There are a large number of missing values in this dataset, likely from incomplete reporting from local authorities. Overall information on missing data is presented in Supplemental Table 3 and risks of missing data for each subgroup and outcome of interest are presented in Supplemental Table 4. Generally HW and HM groups had a proportionally higher number of missing variables for the outcomes of interest, which were higher than that of NHW. HB groups had the highest proportion of missing variables. Given these trends, we are possibly underestimating the true effect of the outcome of interest in these groups given the overrepresentation of unknown values and the poor outcomes noted in the primary analysis. However, it is also possible that these individuals were minimally symptomatic, precluding reporting of the outcomes. The amount of missing data in this dataset points to the need for better tracking of race and ethnicity data at the level of local reporting.

Public Health Implications

This study is among the first to use nationally representative COVID-19 case data to characterize the differential impact of COVID-19 on Hispanic groups within the U.S. Despite missing data due to incomplete reporting from local authorities, our study shows higher odds of hospitalization and death, as well as ICU admissions and mechanical ventilation, among Hispanic groups as compared to NHW. These findings need to be further investigated in the context of geographic and socioeconomic indicators with more complete race and ethnicity tracking in order to elucidate the underlying factors contributing to these disparities.
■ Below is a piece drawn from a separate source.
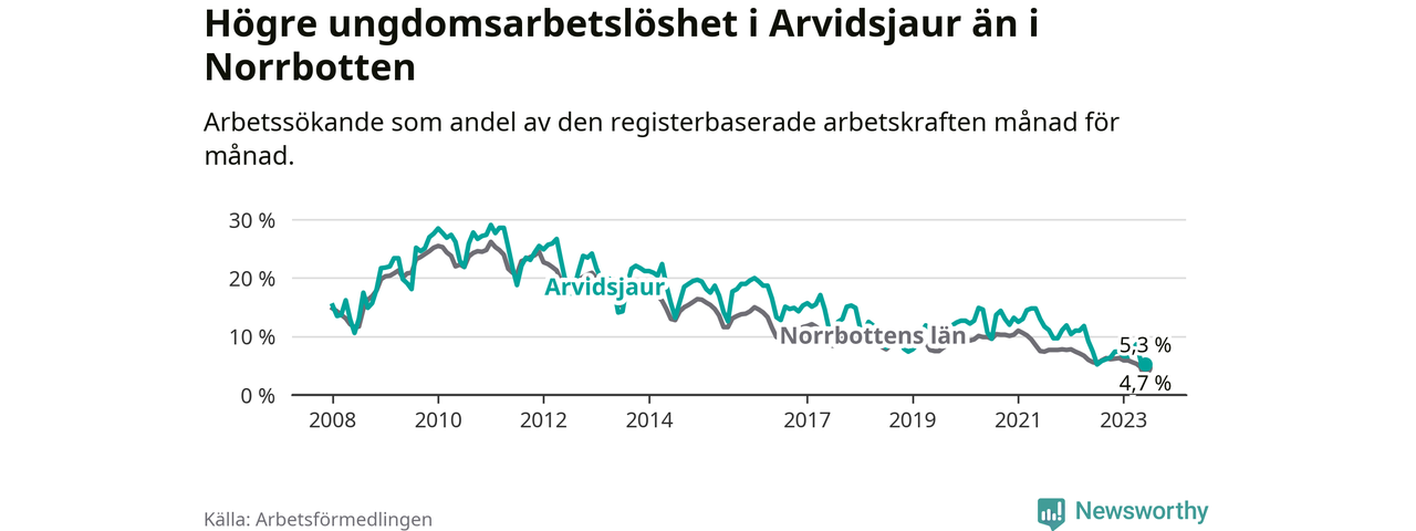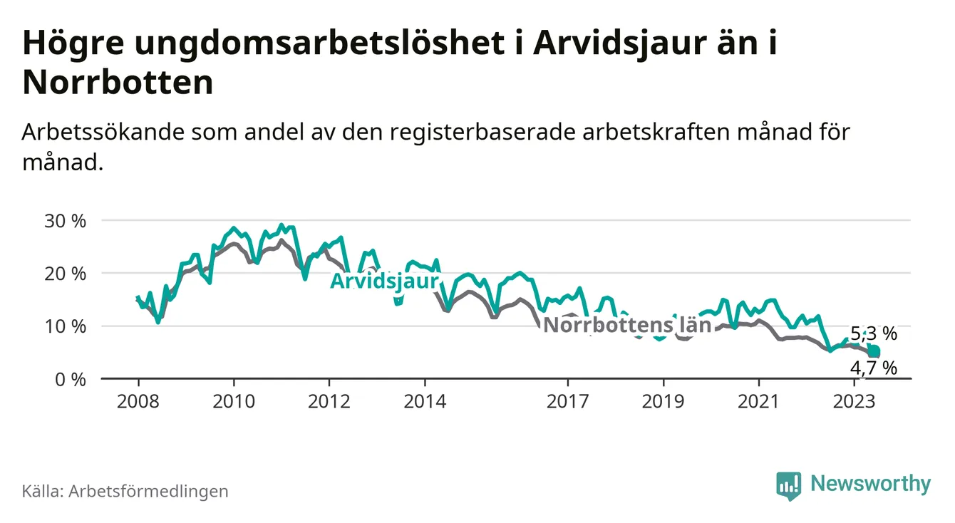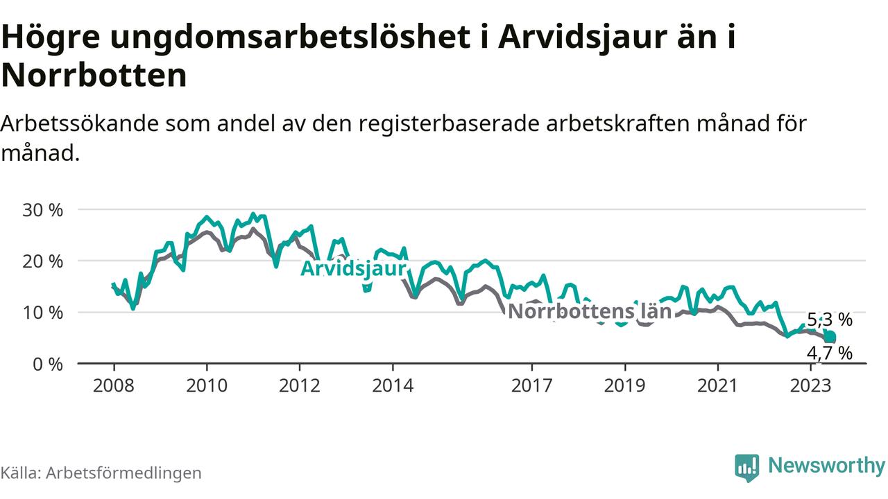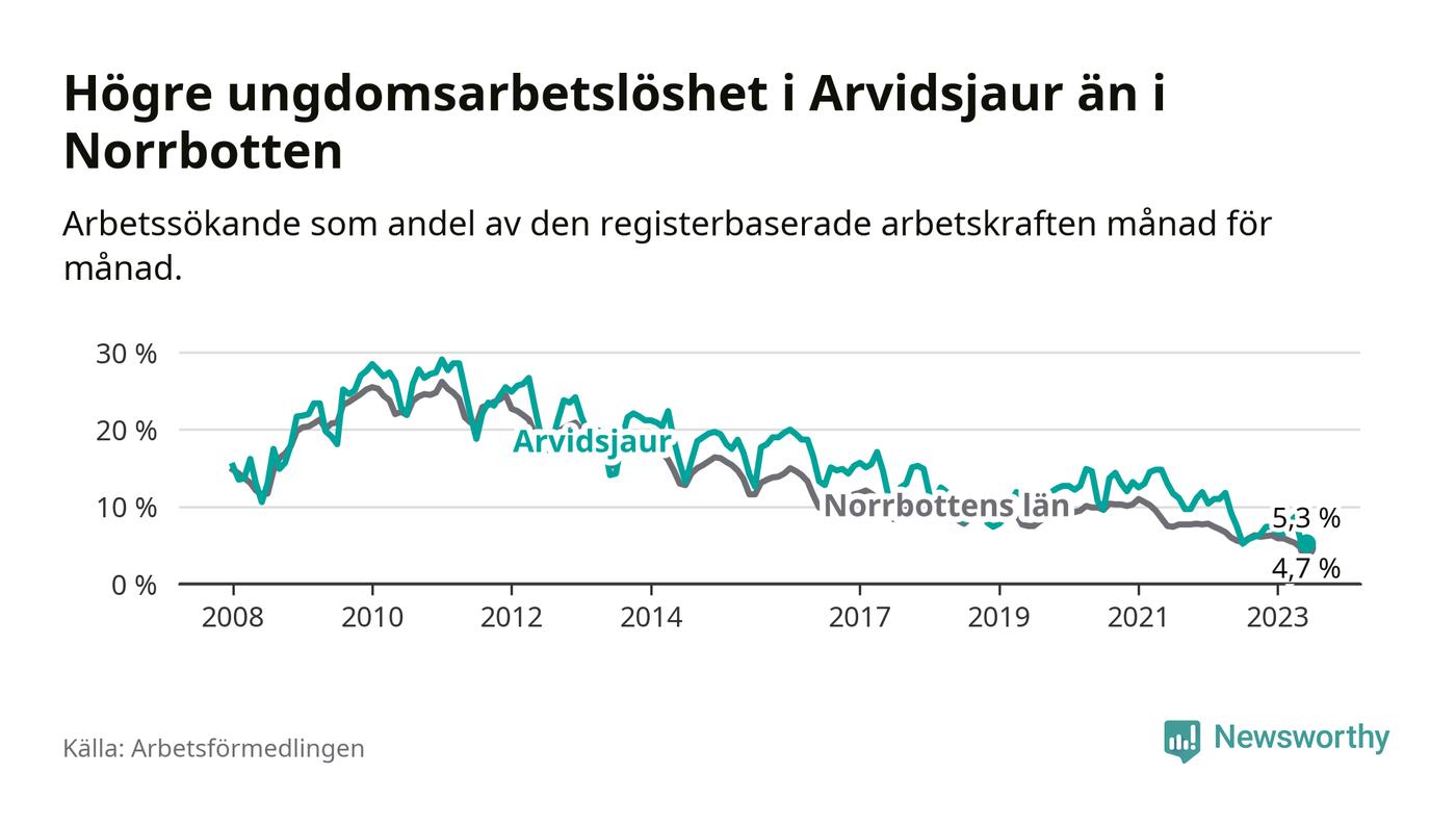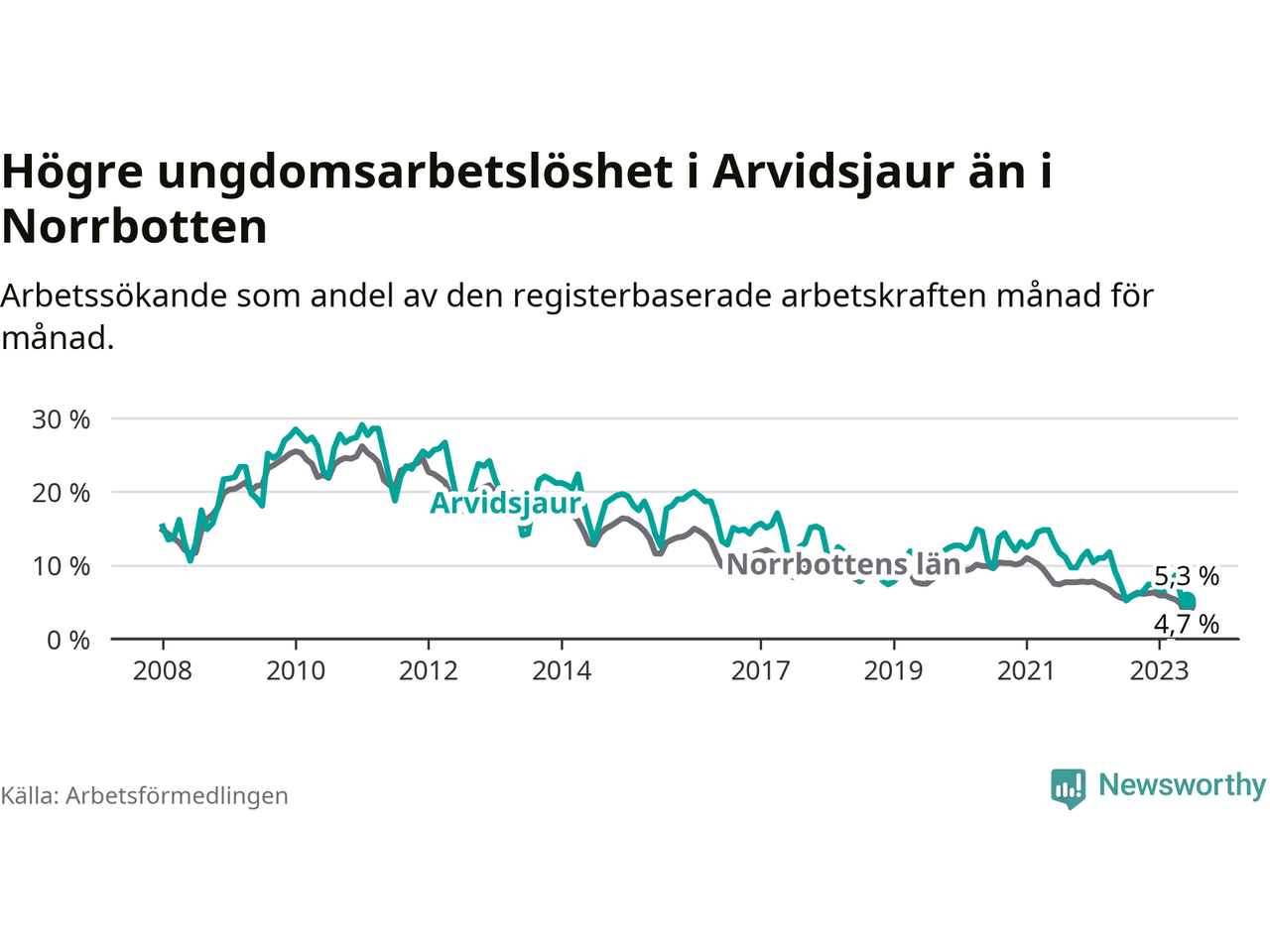 Medan Arvidsjaur har lägre total arbetslöshet än Norrbotten, ligger ungdomsarbetslösheten 0,6 procentenheter högre i Arvidsjaur.

Additionally, the multiplicative impact of Hispanic and Black designation on negative COVID-19-related outcomes warrants further investigation and should be considered when shaping public health initiatives, as interventions targeted broadly to Hispanics may not be sufficient [28]. Overall, this analysis shows that Hispanic communities should not be considered solely in the aggregate, and that each of these Hispanic communities have been impacted more by COVID-19 than non-Hispanic White in the U.S., which should direct further crisis response and policy decision-making.